Women Off To Mars, The Moon

During an interview on the radio show Science Friday, NASA Administrator Jim Bridenstine revealed that the agency is ensuring that there will be "a broad and diverse set of talent" in its future missions, specifically on manned missions to Mars and the moon.

While a total of 12 men have already been on the moon, not a single woman have ever marked this milestone.

When asked about the potential of a woman making it to the moon, Bridenstine answered "absolutely."

"In fact, it's likely to be a woman, the first next person on the moon," the NASA head continued. "It's also true that the first person on Mars is likely to be a woman."

First Ever All-Female Spacewalk Also Coming Up

Another significant milestone that's coming up is the first all-woman spacewalk in history set for March 29.

According to a report from Space, Anna McClain and Christina Koch will be working on upgrades outside the International Space Station. Women will also head Mission Control with lead flight director Mary Lawrence overseeing the crew and Jackie Kagey serving as lead spacewalk officer.

The spacewalk wasn't initially planned as an all-woman event. However, NASA's Stephanie Schierholz said that it was just good fortune that it worked out that way, especially that it falls within the Women's History Month.

NASA's Sights Are Set On Mars

Out of all the planets in the solar system, Mars displays the greatest potential to sustain life.
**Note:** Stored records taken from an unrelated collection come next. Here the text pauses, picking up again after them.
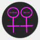 This lovely sheet of round stickers is designed for lesbians. It features two pink female symbols standing side by side. The background is black and there is customisable pink text inside each of the symbols to put names. You can now seal all your envelopes with this lovely sticker to give your mail a personal touch, or stick them on presents to your lesbian friends as personalised gift tags.
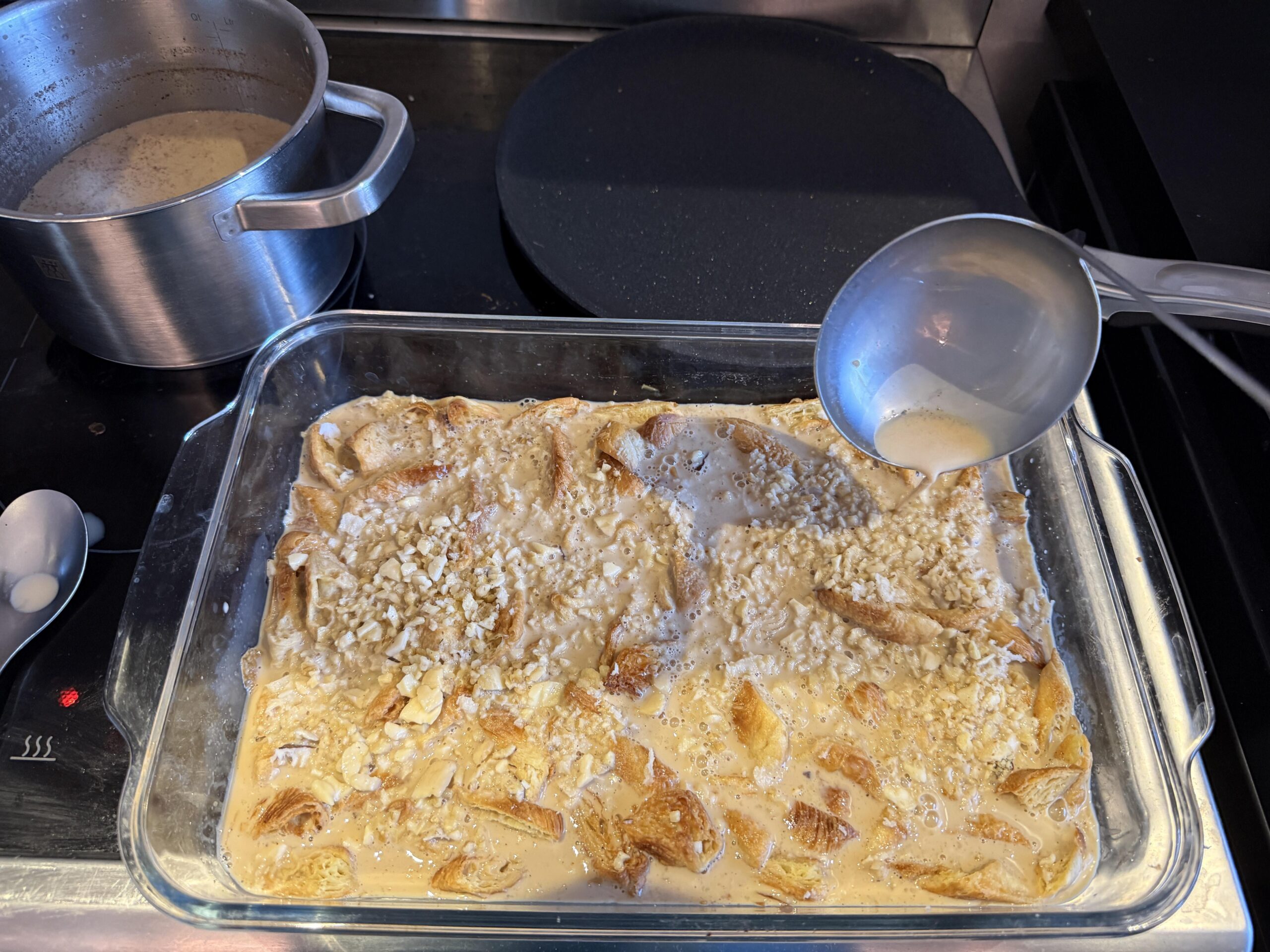 Umm ali is an Arabic bread pudding. I used this recipe with Oatly barista and vegan croissants, but you can use day old white or pita bread too. https://veganbilaraby.com/umm-ali-recipe/. Oh right, I added golden sultanas since I like them in this dish.
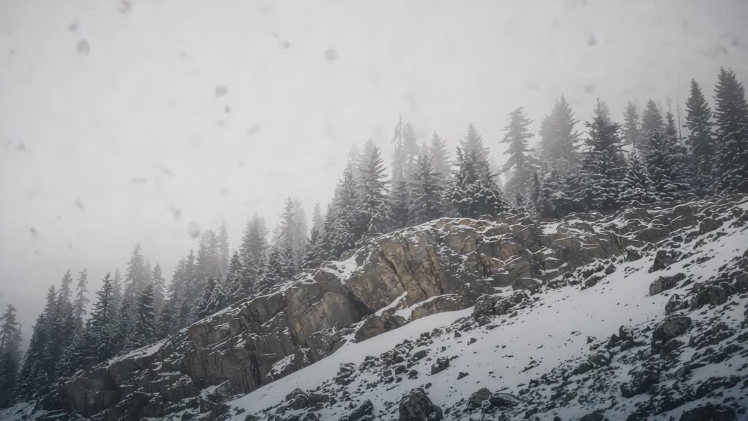 AI Generated Video. Footage showing heavy snowfall drifting through low cloud and fog over rocky alpine ridge lined with snow-capped conifers. Composition featuring diagonal slope of talus and exposed cliff with tall pine silhouettes fading into mist. Close foreground snowflakes creating soft bokeh and strong sense of depth. Palette featuring muted grays and cool blues with crisp contrast on rock faces and soft texture of fresh snow. Use for winter travel safety messaging, outdoor adventure promotions, climate impact stories, atmospheric website backgrounds, or broadcast weather segments. Suitable for title sequences, nature documentaries, conservation campaigns, and winter tourism promos. Clip working well as full-frame background, parallax layer, or establishing shot for film and video projects. Providing slow-motion and loopable options for meditative ambient visuals and social media reels. Suggested edits: color grading for moody tones, adding subtle ambient sound design or wind for immersive impact.
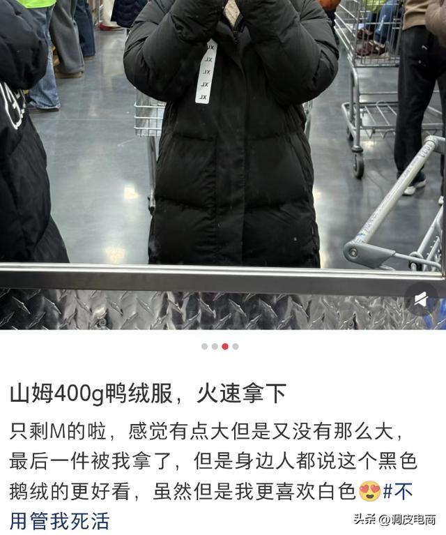所以你会看到,今年卖得好的羽绒服,大多有一个共同点——参数很实在。不管是山姆那种大充绒的基础款,还是一些主打功能性的品牌款,都靠真的暖被推上了热榜。尤其是山姆,一款羽绒服充绒达到了惊人的400克,瞬间被抢空。
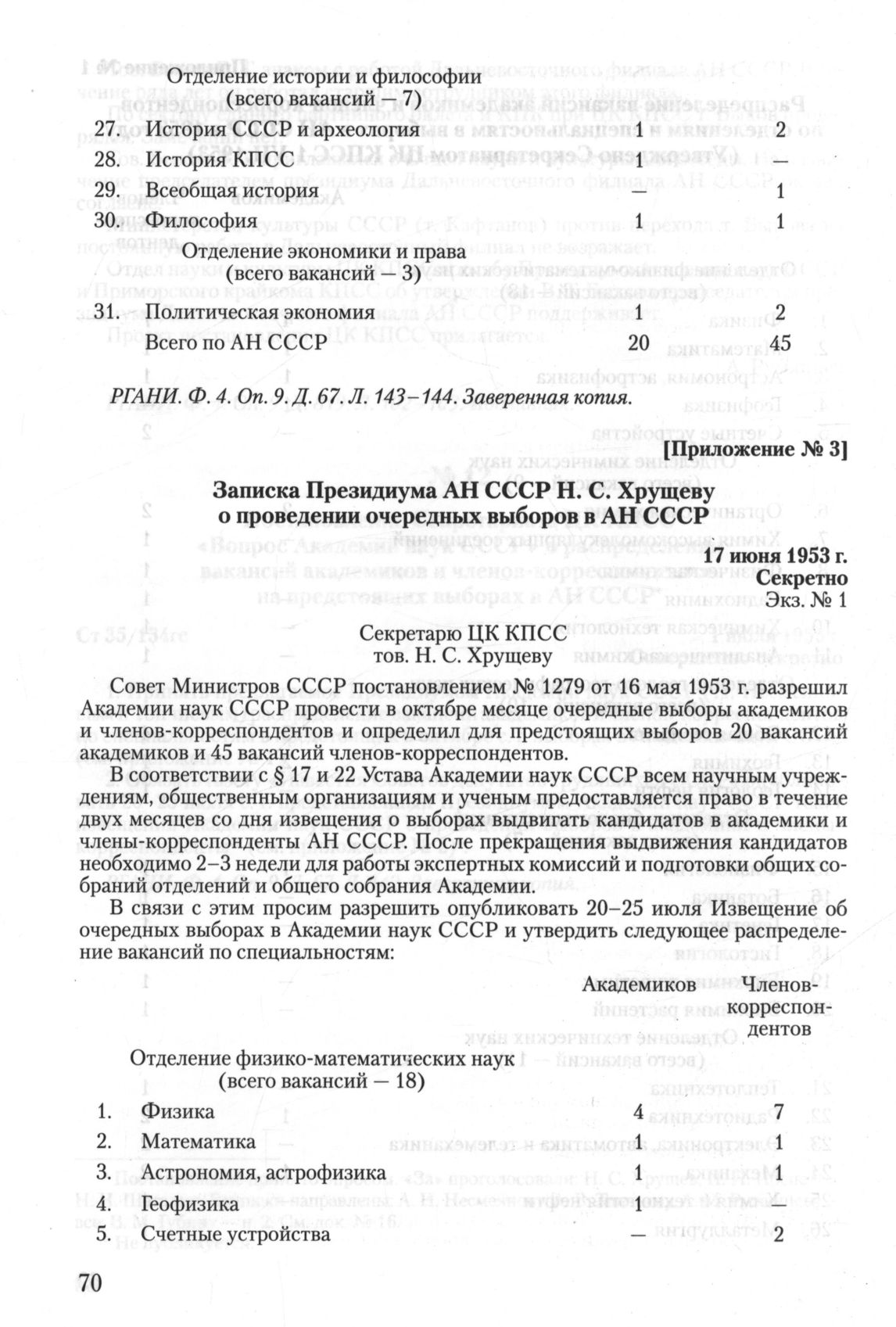 Записка Президиума АН СССР Н. С. Хрущеву о проведении очередных выборов в АН СССР. 17 июня 1953 г. // РГАНИ. Ф. 4. Oп. 9.Д. 844. Л. 177-179. Подлинник.

Thus, NASA is making it a priority to explore the Red Planet and learn more about its potential with the agency's Mars Exploration Program.

Part of the program is the Mars 2020 rover mission, which will look for signs of habitable conditions in the planet's history as well as signs of past microbial life. The rover will also collect samples of significant rocks and soils, placing them in a cache on the planet's surface.

The administration's budget request for NASA's fiscal year of 2020 was even dubbed "Moon to Mars." It includes funds for a Mars sample return mission, which is expected to retrieve the samples collected by the 2020 rover.

"The moon is the proving ground; Mars is the horizon goal," Bridenstine explained.